Спустились на первый этаж. Валька постучал в дверь угловой комнаты. Ее открыл низенький, Пашкиного роста, горбатый мужичок с треугольным продолговатым лицом, редкими волосиками на голове, синими большими глазами.
– Это Пашка, дядя Игнат, запрудский, – сказал Валька. – Тоже на баяне учится. Привел тебя послушать.
– Что меня слушать! – засмеялся Игнат. – Есть много в наших краях музыкантов и поизряднее меня. – Подал Пашке длинную сильную ладонь и отрекомендовался чинно: – Голдобин.
4
Было, было, было… Теперь Пашка частенько вспоминает, как гостился до войны у доброго баяниста Игната. Играет он как-то мелконько, затейливо, красиво, словно кружева вяжет. А то поставит баян на коленки, поигрывает да и покрикивает тоненько:
В Мотовилихе-заводе
Рано печки топятся;
Тамо миленький живет,
Мне туда же хочется!
А дочь его, Зойка, ровесница Пашки с Валькой, подвяжется платком, подбоченится да и пойдет стучать каблуками ботинок:
Ты пляши, ты пляши,
Ты пляши, не дуйся.
Если нету сапогов,
Ты возьми разуйся!
Знай поигрывает отец ее, подначивает, подмигивает:
Как у Пашки да у Вальки
Под носом примерзло,
Подскоблить бы топором —
Целоваться можно!..
Беда как хорошее было время! Бывая на фабрике-кухне, Пашка нет-нет да и глянет в сторону бараков, где живут Валька Акулов, Игнат с Зойкой. Матери у Зойки нет, она их бросила еще давно, куда-то уехала. А они не унывают, всегда веселые, знай попевают песенки. Зайти бы, забежать хоть на минутку, да только где его взять, время-то? То на работу, то домой надо поспешать, там тоже дел немало, а то и ноги еле волочатся – так устанешь.

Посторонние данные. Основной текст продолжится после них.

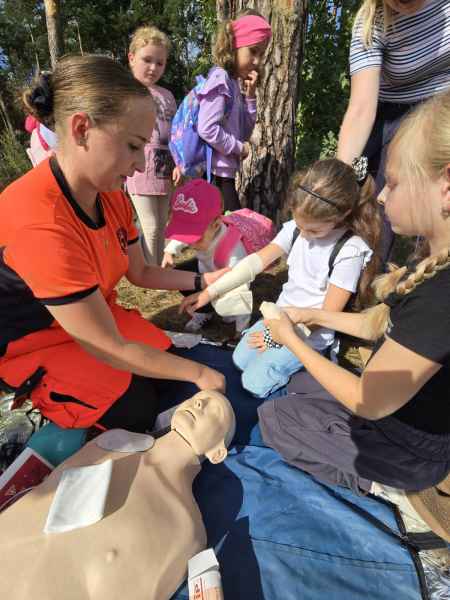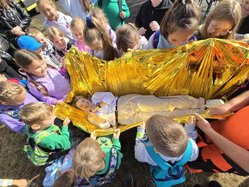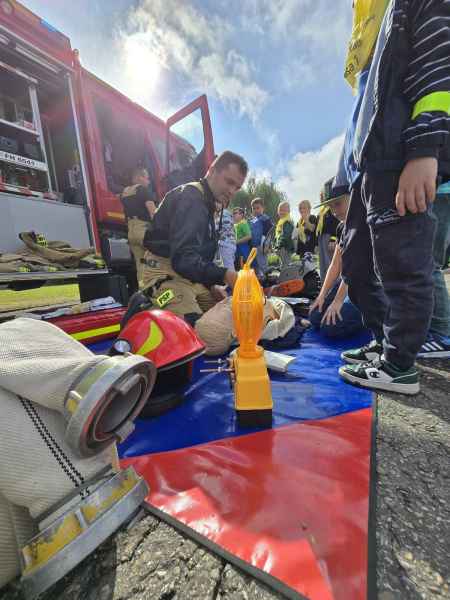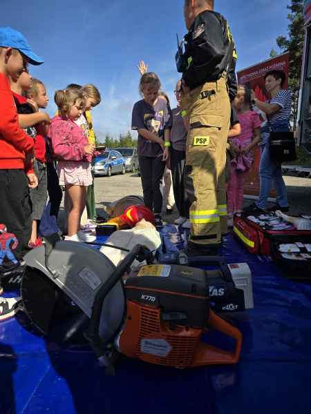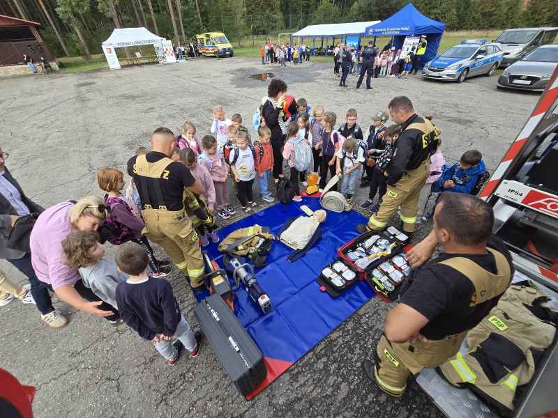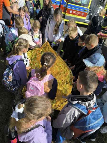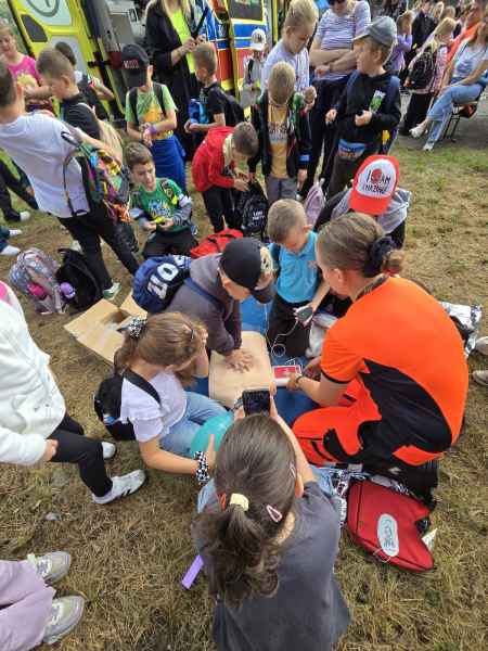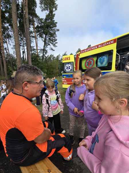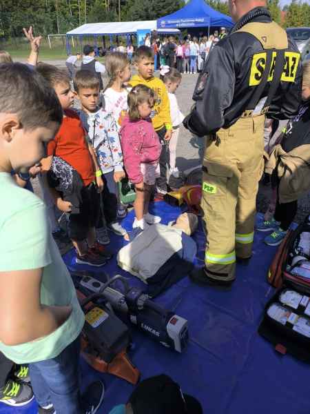 Na miejscu obecni byli również strażacy, którzy prezentowali samochód ratowniczo-gaśniczy oraz urządzenia używane podczas akcji ratowniczych. Opowiadali o specyfice swojej pracy i odpowiadali na pytania uczniów. Z kolei ratownicy medyczni przybliżali dzieciom tajniki swojej profesji, pokazując, jakie umiejętności są potrzebne przy udzielaniu pierwszej pomocy i jak należy zachować się w sytuacjach zagrożenia zdrowia i życia.

В столовой утрами рассиживаться некогда: быстрей, быстрей, надо на завод! Да и рассиживаться-то, если честно, не за чем особенно: два кусочка хлеба, тарелка каши да стакан чаю. И то ладно, ремесленников хоть три раза в день подкармливают горячим, другие ребята им завидуют. Вон дружок Валька Акулов пошел на завод мимо «ремеслухи», прямо учеником токаря в механический цех, так и каялся после: ну, карточка рабочая, положено по ней семьсот граммов хлеба на сутки; хлеб-то по рабочей норме всегда получишь, а насчет чего другого – еще неизвестно: то ли есть, то ли нет, да и очередь надо стоять. А ремесленник уж точно всегда знает, что его три раза положено накормить. Им и форму дают: шинель, шапку, фуражку, ботинки, гимнастерку с брюками.
И все равно еды Пашке не хватает, все время хочется есть. Разве это еда при такой тяжелой работе!
5
За десять минут до начала смены Пашка в цехе. Его здесь зовут уважительно: Пал Иваныч.
– Пал Иванычу-у! С кисточкой!
– С пальцем семь, с огурцом пятнадцать!
– Как, Пал Иваныч, спалось-отдыхалось?
– Какой, к шуту, спалось! – задорно кричит Пашка сквозь цеховой шум. – Всю ночь в огороде сидел, комаров на суп ловил!
– Хо-о-х-хо!
– Тараканы-то, Паш, жирнее.
– Ну их! Надоели! У меня ребята уросливые, разносолов просят.
– Ху-ху-у-у! Вот так Пал Иваныч, за словом в карман не полезет…
Пашка бежит уже к своему рабочему месту.
– Ох вы мои пушечки, пушечки-полковушечки! Ждите, наведу я на вас марафет-туалет!
А работа у Пашки такая: после пробных стрельб пушки на тракторе по 8 – 10 штук подвозят в цех, на ствольный участок. Если раньше, на конвейере, пушку собирали, потом отстреливали на полигоне, то Пашке предстоит подготовить ее к окончательной сдаче. От него она пойдет уже только на фронт.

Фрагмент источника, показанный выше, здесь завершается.